The Board’s decision upholding the intermediary’s adjustments was neither arbitrary, capricious, nor contrary to law and was supported by substantial evidence. We therefore AFFIRM the judgment of the District Court, which affirmed the Board’s decision.

. MRS also provided these services at two of its own outpatient clinics.

. MRS was terminated from the Medicare program by the Health Care Financing Administration, which administers the program for the Secretary, on June 1, 1985 for non-compliance with provider participation requirements.

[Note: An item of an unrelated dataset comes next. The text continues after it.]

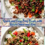 Easy Beef Bowls combine tender ground beef cooked in a flavorful hoisin and soy sauce blend with fresh ginger and garlic, served over fluffy jasmine rice. This quick and simple recipe is perfect for a weeknight dinner and can be garnished with scallions and sesame seeds for added texture and flavor.

MRS later reentered the Medicare program.

. The law was subsequently changed and rehabilitation agencies may now bill Medicaid directly. Hearing Tr. 12/3/92 at 8.

. Any citations to the Code of Federal Regulations will be to the regulations in effect at the time of the 1984 and 1985 cost reports.

. § 312. INDIGENT OR MEDICALLY INDIGENT PATIENTS
Providers can deem Medicare beneficiaries indigent or medically indigent when such individuals have also been determined eligible for Medicaid as either categorically needy individuals or medically needy individuals, respectively-
Manual, § 312.

. § 310. REASONABLE COLLECTION EFFORT.
To be considered a reasonable collection effort, a provider’s effort to collect Medicare deductible and coinsurance amount must be similar to the effort the provider puts forth to collect comparable amounts from non-Medicare patients. It must involve the issuance of a bill :.. to the party responsible for the patient’s personal financial obligations. It also includes other actions such as subsequent billings, collection letters and telephone calls or personal contacts with this party which constitute a genuine, rather than a token, collection effort. The provider’s collection effort may include using or threatening to use court action to obtain payment.
Manual, § 10.

. We note that MRS, which operates two outpatient clinics, is also a provider of Part A services. The services at issue here, however, fall under Part B.

. "Total charges” consist of all charges for a type of service, including Medicare charges, Medicaid charges, and private insurance charges. "Total *835Medicare charges” refer to charges to beneficiaries that are covered by Medicare.